* ABOUT THIS TASK *
Print only the lines from the top of the data through the line with "2. Unlock and", both included, skipping every picture.

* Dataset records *
+===+
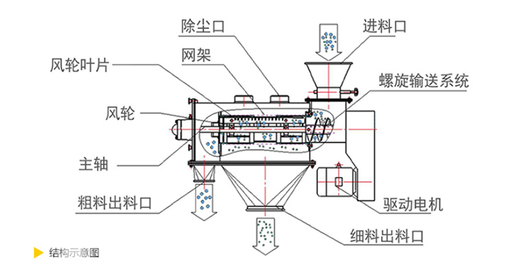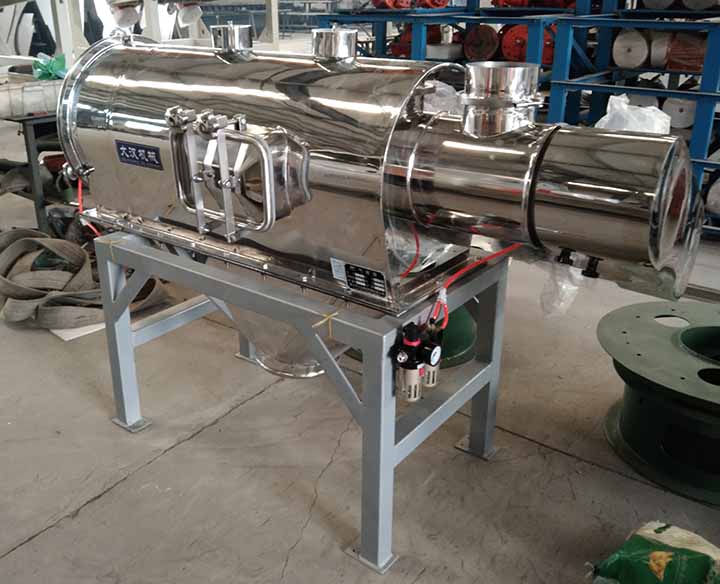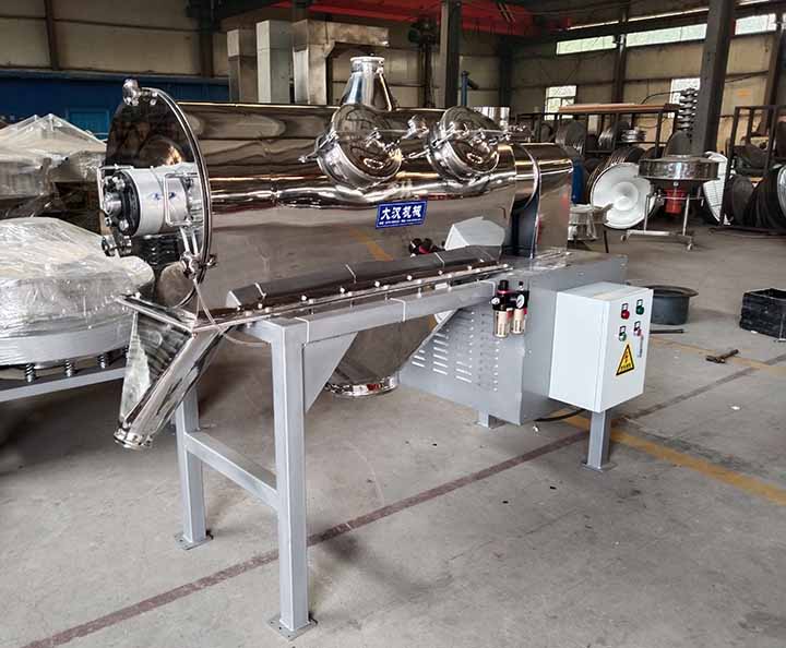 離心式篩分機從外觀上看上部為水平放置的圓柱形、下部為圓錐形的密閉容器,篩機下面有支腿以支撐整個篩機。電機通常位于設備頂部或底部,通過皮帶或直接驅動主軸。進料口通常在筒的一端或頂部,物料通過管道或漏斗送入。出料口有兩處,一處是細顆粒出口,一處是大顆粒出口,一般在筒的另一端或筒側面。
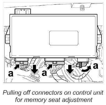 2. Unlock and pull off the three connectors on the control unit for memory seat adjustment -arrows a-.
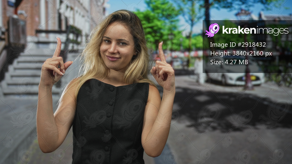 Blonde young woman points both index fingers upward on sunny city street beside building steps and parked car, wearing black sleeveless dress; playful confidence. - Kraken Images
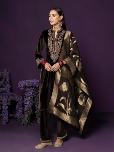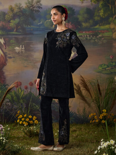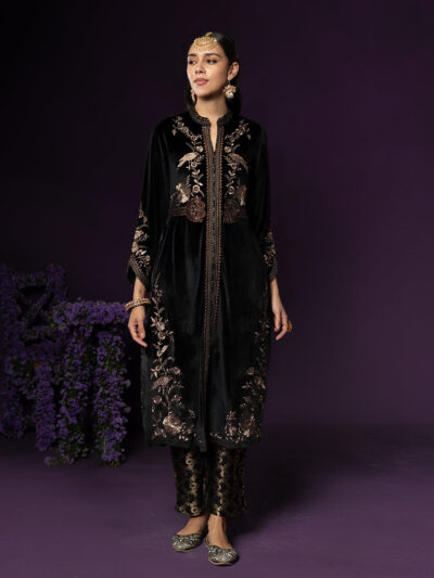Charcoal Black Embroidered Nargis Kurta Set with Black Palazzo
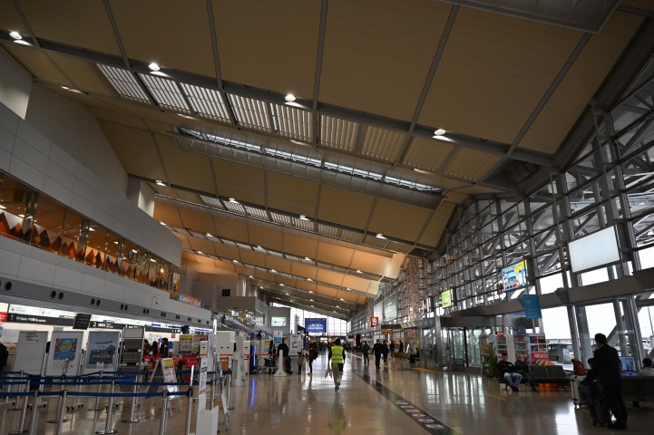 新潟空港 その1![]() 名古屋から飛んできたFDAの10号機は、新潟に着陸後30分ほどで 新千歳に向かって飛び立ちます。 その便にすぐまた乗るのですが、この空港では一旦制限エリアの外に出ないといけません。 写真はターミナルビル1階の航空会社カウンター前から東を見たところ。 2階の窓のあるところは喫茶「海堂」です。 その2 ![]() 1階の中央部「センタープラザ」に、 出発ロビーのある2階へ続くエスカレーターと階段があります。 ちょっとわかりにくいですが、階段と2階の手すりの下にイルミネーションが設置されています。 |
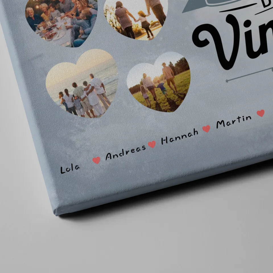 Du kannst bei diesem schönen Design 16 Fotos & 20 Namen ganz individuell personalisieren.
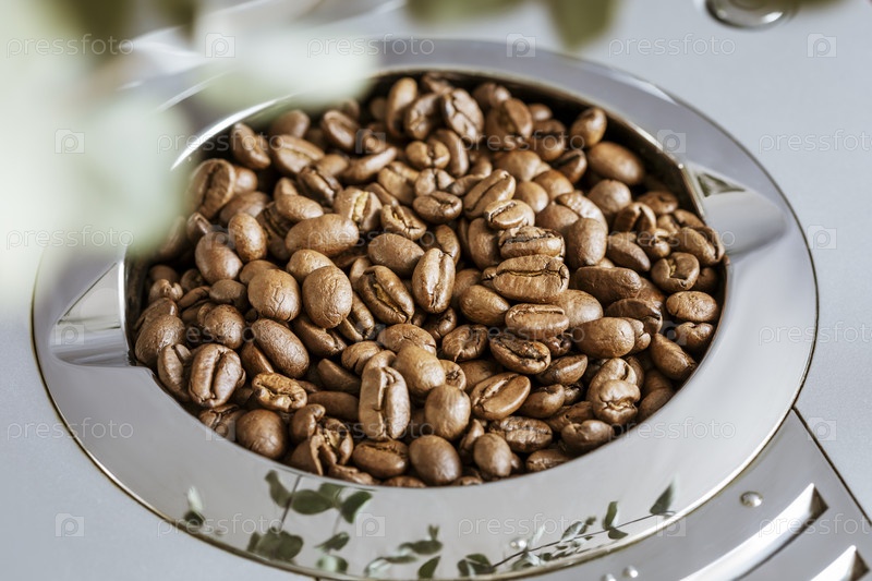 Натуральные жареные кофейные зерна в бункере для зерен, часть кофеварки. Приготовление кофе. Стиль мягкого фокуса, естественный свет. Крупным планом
+===+
* SOLUTION FOR THIS TASK *
 離心式篩分機從外觀上看上部為水平放置的圓柱形、下部為圓錐形的密閉容器,篩機下面有支腿以支撐整個篩機。電機通常位于設備頂部或底部,通過皮帶或直接驅動主軸。進料口通常在筒的一端或頂部,物料通過管道或漏斗送入。出料口有兩處,一處是細顆粒出口,一處是大顆粒出口,一般在筒的另一端或筒側面。
 2. Unlock and pull off the three connectors on the control unit for memory seat adjustment -arrows a-.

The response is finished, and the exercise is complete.